Unnamed: 0,Job,Education
0,Risorse umane,Giurisprudenza
1,Ristorazione,Scienze politiche
2,Insegnante,Lettere e Filosofia
3,Sviluppatore,Ingegneria Informatica
4,Sviluppatore,Ingegneria Informatica


In [12]:
from pandas_profiling import ProfileReport

df2.reset_index(drop = True,inplace=True)

profile = ProfileReport(df2,missing_diagrams={'bar':False,'matrix':False,'heatmap':False,'dendrogram':False})
profile.to_file("report.html")

In the chunck of code above in order to display a rapresentation of the report of the data as fancy as possible i used the pandas-profiling module in order to save it in a html file.

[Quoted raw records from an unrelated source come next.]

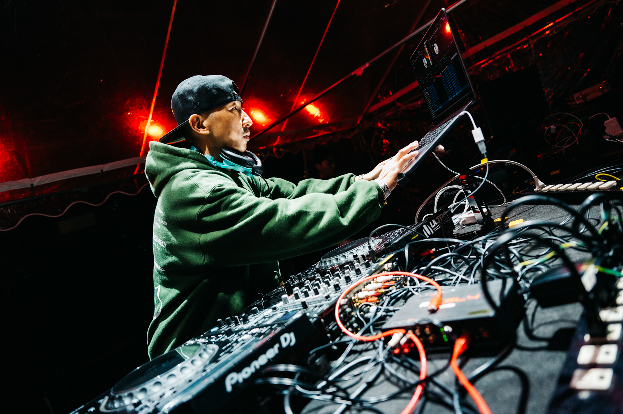 13時を回ると漢、D.Oといった実力者が登場してくるが、ANARCHYの奇天烈かつ安定した存在感はやはり格別だ。ピンクのフーディーを半分だけ被ってステージをのし歩き、C.O.S.A.を呼び込んでまだ誰も知らない新曲(かっこいい!)を本邦初披露。ビートなしで圧巻のフリースタイル、いや、自らの生きざまの独演会と言うべき長大なスピーチをぶちかましてから「Fate」へ繋げるなど、やることなすことすべてがオンリーワンヘッズたち。盛り上げるよりも語りかける、不思議な親近感と愛らしさをかきたてる得難いキャラ。今日もANARCHYはANARCHYだった。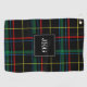 Men's Monogrammed Modern Black Green Plaid Check Golf Towel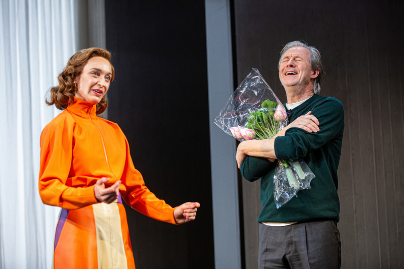 Programmierlücke bei der Geschenkannahme: Silvia Meisterle als KI und Joseph Lorenz als Alterumsprof auf Christian Schmidts Bühne © Astrid Knie

Basically what it does is to provide a more enriched rappresentation of the API describe() from pandas which is used as well to generate some descriptive statistics about the features of the dataset to give some insights about it. As shown above, the domain of the features of the dataset is the one of nominal data thus involving description about frequency, the most common value printed by the top metric including also first and last values alongside with a count of the value of the features. Other than that there are also some metrics about how data are correlated exploiting for example Cramer's V as a measure of association beetween the two nominal features involved. The graph also gives a glimpse of missing data and a sample of the dataset.